I don’t know who these ladies are. They might be two of Henry VIII’s wives; they look rather Tudor, with their stand-up collars and what might be meant to be French hoods. It doesn’t matter. The galleries are full of portraits of unknown ladies; why shouldn’t I have a couple on my Christmas tree, too?
The reason that I don’t know who they are is that I bought them in Oxfam, so they had no labels. They came together with the King of Hearts. Or it might have been the Knave of Hearts. I can’t remember. I bought them last year, in Ely Oxfam. But how could I have bought them last year? All the shops were shut last year. Or I didn’t go to any shops last year. Then maybe it was the year before. Did we go to Oxfam when we were househunting? No. It was last year. I know that really.

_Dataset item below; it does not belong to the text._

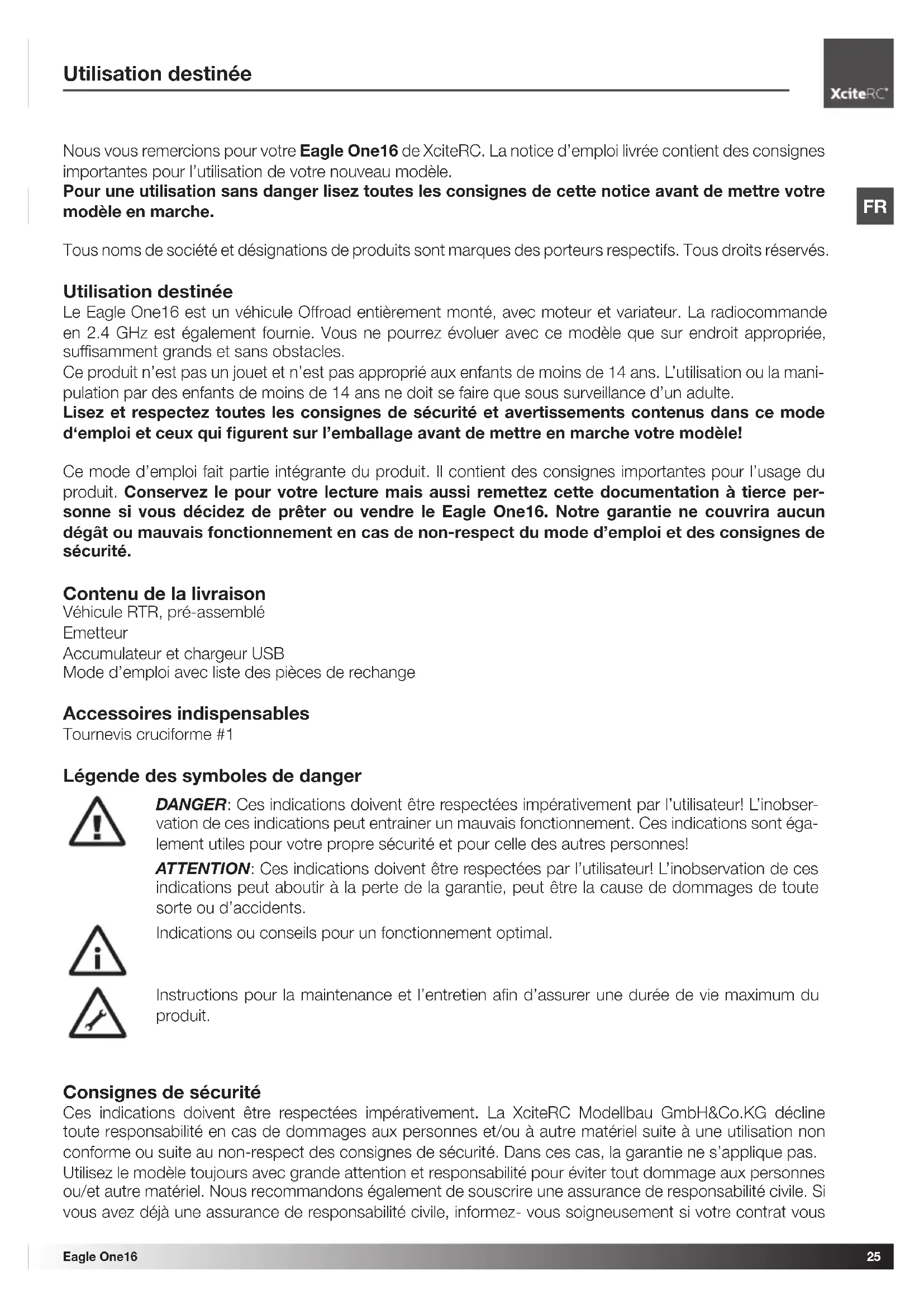vation de ces indications peut entrainer un mauvais fonctionnement. Ces indications sont éga- lement utiles pour votre propre sécurité et pour celle des autres personnes! ATTENTION: Ces indications doivent être respectées par l’utilisateur! L’inobservation de ces indications peut aboutir à la perte de la garantie, peut être la cause de dommages de toute sorte ou d’accidents. Indications ou conseils pour un fonctionnement optimal. Instructions pour la maintenance et l’entretien afin d’assurer une durée de vie maximum du produit. Consignes de sécurité Ces indications doivent être respectées impérativement. La XciteRC Modellbau GmbH&Co.KG décline toute responsabilité en cas de dommages aux personnes et/ou à autre matériel suite à une utilisation non conforme ou suite au non-respect des consignes de sécurité. Dans ces cas, la garantie ne s’applique pas. Utilisez le modèle toujours avec grande attention et responsabilité pour éviter tout dommage aux personnes ou/et autre matériel. Nous recommandons également de souscrire une assurance de responsabilité civile. Si vous avez déjà une assurance de responsabilité civile, informez- vous soigneusement si votre contrat vous26 Eagle One16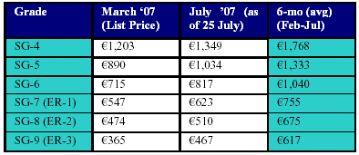 The European market was very quiet with virtually no buying activity due to the vacation period. At

It’s just that my mind wants to shuffle all occasions involving shops out of 2020. It’s already refusing to believe that I was only in the office on one day between 13 March 2020 and 16 August 2021: four months of the London commute have overwritten all of that. Give it a couple of years and I’ll be convinced I bought these ladies in 2021, and I’ll be reading back through this blog and learn that no, this year they came out of the Christmas box, and surprise myself.
That used to happen a lot before pandemic times; it’s even more the case now, with so many points of reference disappeared or eroded. I’m glad I got a lot down on paper or pixels, whether in public here or in private elsewhere on the internet or offline; it’s been good to be able to check my internal memory against my external memory, to see where I’ve stretched out one nice week into a glorious month, where I’ve moved an event from April to August, where I was massively excited about something I’ve since forgotten, or the first signs of what turned out to be the next major enthusiasm.
Sometimes I read something and think it could have been written by a different person, if it weren’t for the fact that it’s right there in my own handwriting. Sometimes I discover a revelation written down that I’d swear I’d only just had, but no, apparently this is something I’ve discovered before, and thought was important enough to record. Sometimes it’s plain reassuring, to see that I’ve been here before and found a way out again. That I’ve been here before several times and get better at finding my way out every time. I’m glad I record things.
Mind you, if I didn’t, would I ever know how wrong I can be about my own life?